Предположение врачей прозвучало как приговор: «У вас же ребенок слепой!» Потом в Охматдете выяснилось, что он еще и глухонемой, со сложными нарушениями, грозящими задержками в умственном развитии. Там же опытный доктор распросил молодую маму об обстоятельствах родов. Оказалось, медики использовали запрещенные приемы, в том числе наложили на голову ребенка щипцы. Когда отчаявшаяся женщина обратилась к виновным, в ее адрес посыпались немыслимые советы: «А что, собственно, произошло? Сдашь этого и еще одного родишь! Рожай -- муж же есть!» Поскольку все это было в семидесятых, дело замяли и никого не наказали. Шрам от щипцов до сих пор виден на бледной коже головы Русланчика. Ему придавили зрительный и слуховой нерв, деформировали нос.

-- Когда стал известен диагноз, поняла, что это на всю жизнь. Сразу представила, что не будет ни школы, ни общения, никогда не узнаю, что у сына на душе. И мужу сказала так: «У нас три комнаты, забирай старшего сына, бери две комнаты и женись. Даю тебе слово, что не пойду ни в партком, ни в обком. Со временем ты найдешь себе жену. Обо мне не переживай, я где-нибудь раздобуду себе картофельную кожуру, сварю ее ребенку, а сама водичку из-под нее выпью. Но сына никогда не брошу и никуда не сдам». Муж зарыдал…

И они стали жить в любви и согласии, взвалив на себя страшный груз любви к безнадежно больному сыну. Правда, иногда муж мог сорвать злость на Терезе, но Русланчика очень любил -- до самой смерти.
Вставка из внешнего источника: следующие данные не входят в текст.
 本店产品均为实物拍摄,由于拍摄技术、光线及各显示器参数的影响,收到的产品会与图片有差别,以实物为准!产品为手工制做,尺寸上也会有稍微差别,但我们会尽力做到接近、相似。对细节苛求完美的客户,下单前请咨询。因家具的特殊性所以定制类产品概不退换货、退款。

Даже когда Борис Хвостенко работал, с трудом удавалось сводить концы с концами. Поэтому Терезе тоже приходилось работать -- и полы мыть со своим высшим образованием.

За все эти годы мама научилась понимать своего сына без слов. Они общаются прикосновениями. Приложив руку к его телу, она понимает, что хочет сын именно в этот момент -- карамельку или варенички. Совершенно непонятно, каким образом он понимает, какую еду ему предлагает мама.
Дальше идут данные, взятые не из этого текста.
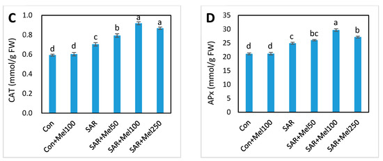 Changes of enzymatic antioxidant activities in tomato leaves by SAR and/or melatonin treatments. (A) SOD; (B) POD; (C) CAT; (D) APx. Data indicates here the mean of four replications. Vertical bars indicate the standard error. Means not sharing a common letter within the graph are significantly different at p ≤ 0.05 according to Tukey’s test.

-- Как мы общаемся с Русланчиком, мне трудно объяснить. Когда я его учила, мне присылали методички из специальных интернатов. Таким детям, как он, нужно по несколько тысяч раз повторять обычные фразы: «это молочко», «вставай», «идем гулять». И он понимает, хоть и не слышит меня.

За 23 года мы с сыном наговорились, я знаю о нем все. Раньше он свободно говорил «мама Тереза», теперь же почти всегда молчит. Русланчик очень любит ласку. У нас принято, чтобы я его целовала: когда бужу, когда кормлю -- всегда. Правда, с пятнадцати лет, в период взросления он уединился, теперь уже не любит, чтобы я спала с ним рядом. Мы никогда ни в чем его не ограничивали. С пятнадцати лет у него начались эпилептические припадки. Из-за боязни приступов он даже ходить перестал. Я мучаюсь: раньше муж наливал мне корвалол, а теперь я совсем одна. Веду тетрадку, где отмечаю все приступы -- почти всегда они совпадают с церковными праздниками -- Пасхой, Рождеством, Крещением.

Однажды мэр города Александр Омельченко прислал за нами белый мерседес, специально приспособленный для инвалидов. Русланчик вышел, потрогал его (ему так понравилось), поехали за город. Он очень любит природу: когда еще был ребенком, трогал травку, прислонялся губами к деревьям, на море плескался в воде.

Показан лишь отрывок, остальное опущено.